Welcome to my monthly update for my dividend growth portfolio. This article series covers my investing journey as a father of two towards my eventual retirement. Any specific stocks or amounts are particular to my self-directed 401K plan.
The goal of my portfolio is to generate a growing income stream for me and my wife during our golden years. The aim is to live off dividends without touching the principal. Dividend growth stocks are the chosen vehicle to meet that goal. At 34 (birthday), I have approximately 25 years before I can (safely) touch any of this money.
For anyone interested in seeing changes in real time, I have my portfolio and dividends tracked on Dividend Derek. I also have a trimmed version that you can freely take for yourself if you wish, found here.
I've received some questions in the past, so you can save off a copy by selecting "File" -> "Make A Copy."

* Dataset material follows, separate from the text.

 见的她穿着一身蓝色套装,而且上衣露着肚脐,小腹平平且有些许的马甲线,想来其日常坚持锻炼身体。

I introduced a change log as a quick reference to highlight relevant non-data changes. Things like dividends collected, dividend increases and charts will all change each month regardless.

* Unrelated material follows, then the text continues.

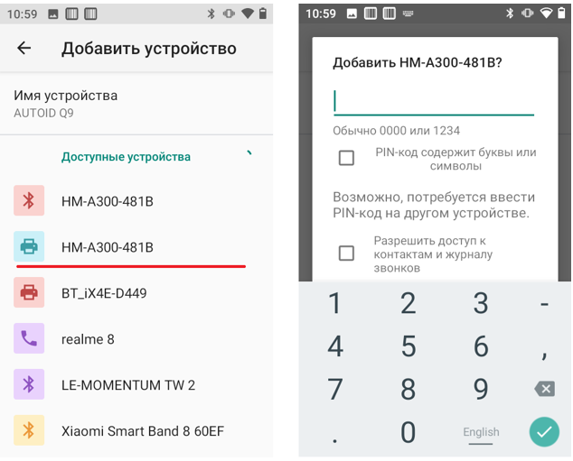 Принтер будет отображаться в доступных устройствах в формате HM-A300-XXXX. В нашем случае имя принтера HM-A300-481B, пароль 1234 (рис.3).

- Nothing material this edition
May reverted the trend that had been underway throughout 2019. Frankly, May was a crap month as the markets have pulled back due to a variety of news stories. Whether it is the escalation of Chinese tariffs or unexpected Mexican tariffs, there is more uncertainty than there has been recently.
As of this writing, however, the market has regained some steam as there is more dovish talk from the Fed and even the possibility of rate cuts coming.

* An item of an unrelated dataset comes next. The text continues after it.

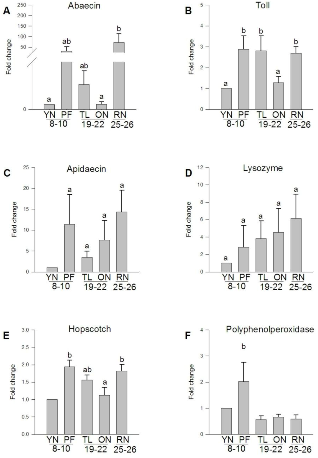 Expression of immune transcripts in A. mellifera flight muscle. Quantification ofmRNA levels of bee specific immune transcripts (A, C), transcripts involved in immune signaling pathways (B, E), and innate immune response transcripts (D, F) revealed differential expression between ages and behaviors. Fold change represents the relative difference compared to one day old bees.

I closed out May with a balance of $301,626 which was down from $320,740 from the end of April.
I spent more time this month collecting funds to replenish my cash supply that had dwindled below my 5% target. I've been watching a few stories develop and have put in some limit buy orders should their prices continue to slide. Those include MMM, AMGN, IRM and BPR.
- I want my dividend growth holdings to have an average dividend growth rate of at least 7%. (Currently 9.7%)
- By the end of 2019, I want to have a projected dividend income of at least $10,000 (was $9,000 and accomplished in April. Originally $7,900 at start of 2019).
- I want to suffer no dividend cuts. (Annaly cut in April)
These are the general guidelines I will review to see if something is worthy of adding to my dividend portfolio or whether I will add to an existing position.
- Being a member of David Fish's Dividend Champion, Challenger and Contender list, obviously, a longer streak is preferred.
- Dividend yield + 5-year dividend growth rate > 8% (Chowder rule). Telecoms, REITs and utilities can get a pass due to their higher initial starting yield. Investments in these areas I want to have an additional "kicker," stocks near a 52-week low or some other way they may generate alpha over a short- to medium-term horizon. This will be highlighted as part of my thesis. The kicker may be better defined as a low-P/E stock that has not yet reverted to its mean.
- Investment grade holdings >BBB+ should generate 95% of the portfolio's dividend income. I'm currently massively violating this rule, Altria (MO) and AT&T (T) alone make up 14% of my income.
- Review my investing framework questions:
- What is the opportunity here?
- Am I excited about the business?
- What are expected returns?
- What are the risks and downside?
- How does this fit into my portfolio?
- Does it offer something materially different than an equivalent ETF?
- Can I sell a cash secured put to lock in a stock at a particular price I want?
- I want to see steady earnings growth over time; this will generally remove commodity-based companies.
- I like cash cows. Good profit margins (> 10%) are appreciated, though not required. A company with a moat should be analyzed to see how easily its moat can be disrupted.
- I like to see shareholder-friendly management. This manifests in a healthy and rising dividend and a willingness to buy back shares. Often buybacks aren't always done at opportune times. Additionally, they are frequently established to just buy back stock options for employees. A good metric to look into is the "total shareholder yield." This aggregates net dividends, buybacks and debt reduction.
- Perhaps most importantly, the valuation needs to be right per F.A.S.T. Graphs. The stock should be trading at fair value or better for an appropriate timeline (13+ years, if possible). With a longer time frame, I can see how shares fared during the Great Recession, and this also removes some of the recency bias that can come from only analyzing valuation during this extended bull market.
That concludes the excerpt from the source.